I have a Yamaha ef2600 generator: It is used about 12 hours each day. I change oil in it about every two or three weeks. I live in a foreign country and this is my only source for power other than the batteries that it charges. The fuel here is extremely bad quality so I constantly run Fuel Cleaner through.
It began to smoke so I put new rings in. I also cleaned the head and the piston that was covered in thick carbon.
It ran great for about three months and now it will not hold the throttle. I mean I have it Idling at 120v and under a load it drops way down. If I touch the governor it will go up but not stay, if I advance the governor it is fine till I turn the load off and then it throttles way high.
I cleaned it completely today, it already had a lot of carbon on the piston and in the head. I cleaned the valves and reset them to .102mm; I set them again after it ran for a while.
It still will not hold 120v I do not have a compression tester right now. I am wondering if I may have put something back wrong.
About the high rate of carbon buildup, that is what you wll get with a flathead type engine running on poor quality fuel. The combustion process is not as efficient as it is with an OverHeadValve (OHV) engine because of the inherently low compression ratio and larger (detrimental) heat absorbing combustion chamber surface area compared to an OHV engine.
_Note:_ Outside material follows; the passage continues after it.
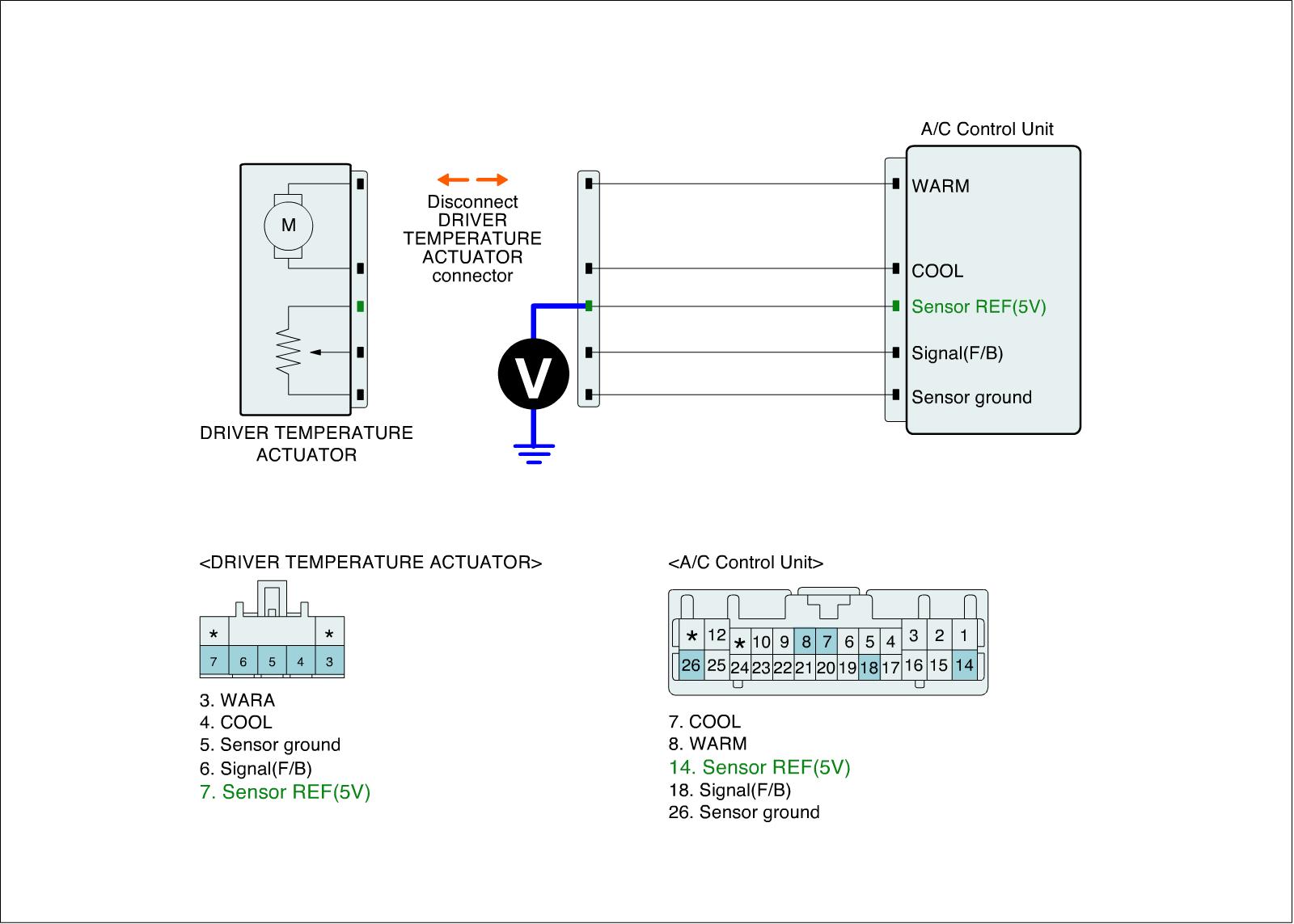 4. Measure voltage between Sensor REF(5V) terminal of Driver air mix actuator harness connector and chassis ground.

Seriously saving for a newer OHV inverter genny should be your top priority as it will have a much brighter present and future.
The unresponsive throttle symptoms you describe happen when the external governor arm is not correctly adjusted
the internal moving parts such as the plastic gear and/or flyweights can be damaged/broken. This would be true if the latest bad symptoms happened 'all-at-once'.
Lets start with the easy shots first: adjusting the external governor arm setting point. The mounting pinchbolt that locks the arm to the governor shaft may have come loose from normal vibration or after being inadequately tightened or if the arm received a heavy bump from something falling on/against it (That has actually happened with a customer!) You readjust the governor arm by first loosening the governor arm's shaft pinchbolt just enough so you can wiggle turn the governor shaft's flat end with pliers while holding the governor arm. Then you move the throttle arm so the carb goes to the full throttle stop and hold it there. While still holding full throttle with the arm, turn the governor shaft in the same "toward full throttle" direction until it is stopped by the internal governor mechanism. Then tighten the pinchbolt while you maintain both parts at their respective full throttle stops. You are done!
When I took the generator apart this time, the gear for the governor had not meshed right on the cam. Not sure where it was riding. The generator is responding good now EXCEPT that, there is a high pitched squeek or scrape when a load hit it, only for a second and only till it adjust. Not sure what that is. Normal running is fine just that moment when the load hits. ANy suggestions?
traskgr, Given the very high run time hours this genny has seen I would say the crankshaft bearings are worn so much that the scraping/screeching is the steel frame of the motor's ignition coil rubbing on the flywheel. That contact will leave obvious scoring marks. The ignition coil is easily readjusted so it won't scrape. The other place is the alternator rotor scraping against the stationary steel stator poles because of bearing wear or loosening of the alternator bearing support. There can also be silly things like engine/alternator alignment dowel(s) left out on reassembly, erasing the required running clearance on one side.